Обидел я девочку. Хлестнул по свечению этому. И самому херово. Но нельзя иначе. Нельзя. Иначе только хуже будет. Для всех. Пока отпустить решил, лучше бы шла. Шла бы и сердце мне своими лапками не царапала. И меня бы вспоминать не заставляла, кто она и зачем здесь. Уже слабость проявил, — пока проявил. А дальше что будет?
Закрадывается в спальню.
Тихонько ползет, на цыпочках.
Дверь так смешно прикрывает, — будто дышит на нее, чтобы не скрипнула.
Мостится.
Смешно так вздыхает и устраивается на плече.
Глупая! Лучше бы жизнь свои мелкую спасала, лучше бы пролезла и застрелить меня бы попыталась, — так нет, — по щеке гладит и губами шевелит, хоть слов и не слышно. А я хоть и не вижу, но чувствую. Каждый жест ее чувствую и перед закрытыми глазами вижу. И сердечко маленькое так часто бьется, что даже жарко от него становится. И запах этот ее — одуряющий. Так бы и впитал ее всю в себя.

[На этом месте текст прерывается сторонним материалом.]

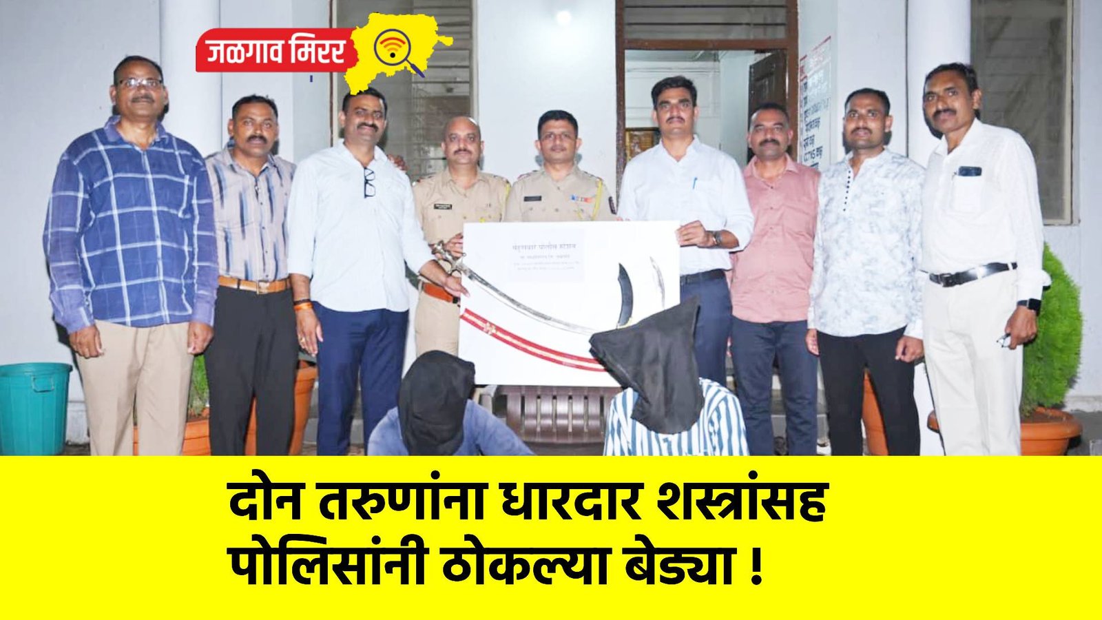 चाळीसगाव तालुक्यातील उंबरखेड येथील दोन तरुणांना बेकायदेशीरपणे धारदार शस्त्रे बाळगल्याप्रकरणी मेहुणबारे पोलिसांनी अटक केली आहे.

— Ты чего пришла? — сжимаю руку и получаю в шею рваный всхлип. — Не договорили с тобой разве? Я все тебе уже сказал.
— Спать не могу, — и все равно по лицу моему ладошкой водит. — Кошмары снятся.
Ох, девочка, да я — твой самый жуткий здесь кошмар!
— А я, значит, такой страшный, что их от тебя отгоняю, да? Даже твои кошмары меня боятся?
— Не страшный, — вот же упрямая, и ручонками своими за шею обнимает. — Ты… С тобой мне хорошо. С тобой я сплю спокойно. И тепло мне, когда ты рядом. Здесь, — прижимает руку мою к груди, а меня в жар и холод ледяной бросает одновременно.
— Дурочка, — убираю руку и кулаки сжимаю до хруста. Чего стоит заставить себя не прикоснуться к ней! К ее коже — такой нежной, бархатной, к губам ее — мягким, сладким… Но я не прикоснусь. Нельзя. Не-воз-мож-но!
— Не бывает рядом со мной спокойно, Света. Как угодно, — но только не спокойно. Не то ты ищешь. И не там.
— Угу…. Мммммм….. — и рука ее уже по груди ползет. Узоры какие-то свои пальчиками выплетает. А у меня сердце колотится как бешенное, разбить ребра и выпрыгнуть готово.
— Ладно, спи, что с тобой делать? — но она уже и не слышит. Сопит себе сладко.
И сам не замечаю, как проваливаюсь рядом с ней в сон. Убаюкивает, как котенок своим урчанием на груди. Это — мне с тобой спокойно, маленький ты светлячок. Так спокойно, как в жизни не было. И уже не будет. Все инстинкты мои звериные куда-то пропадают, когда она на моей груди. Сейчас бы встала и висок выстрелила, — а я бы и не дернулся, наверно.
* * *
— Ты уезжаешь, — даже не жду, когда откроет глаза, — знаю, чувствую, что уже не спит. — Сегодня, Света. Возвращайся домой. Лечение, все, что тебе нужно, я оплачу. Найду самого лучшего психотератевта. Дорогу тоже. И бабушку твою в хорошую клинику переведу, документами уже занимаются. Не нужно тебе пока выступлениями заниматься. Отдохнешь.
— Неееет, Артур! — потягивается и улыбается. Как будто вот то, что я говорю — несерьезно. Как будто вот со мной спорить можно. Это — уже беспредел!
— Света, я сказал. Тема закрыта. Собираешь вещи и едешь домой. Все.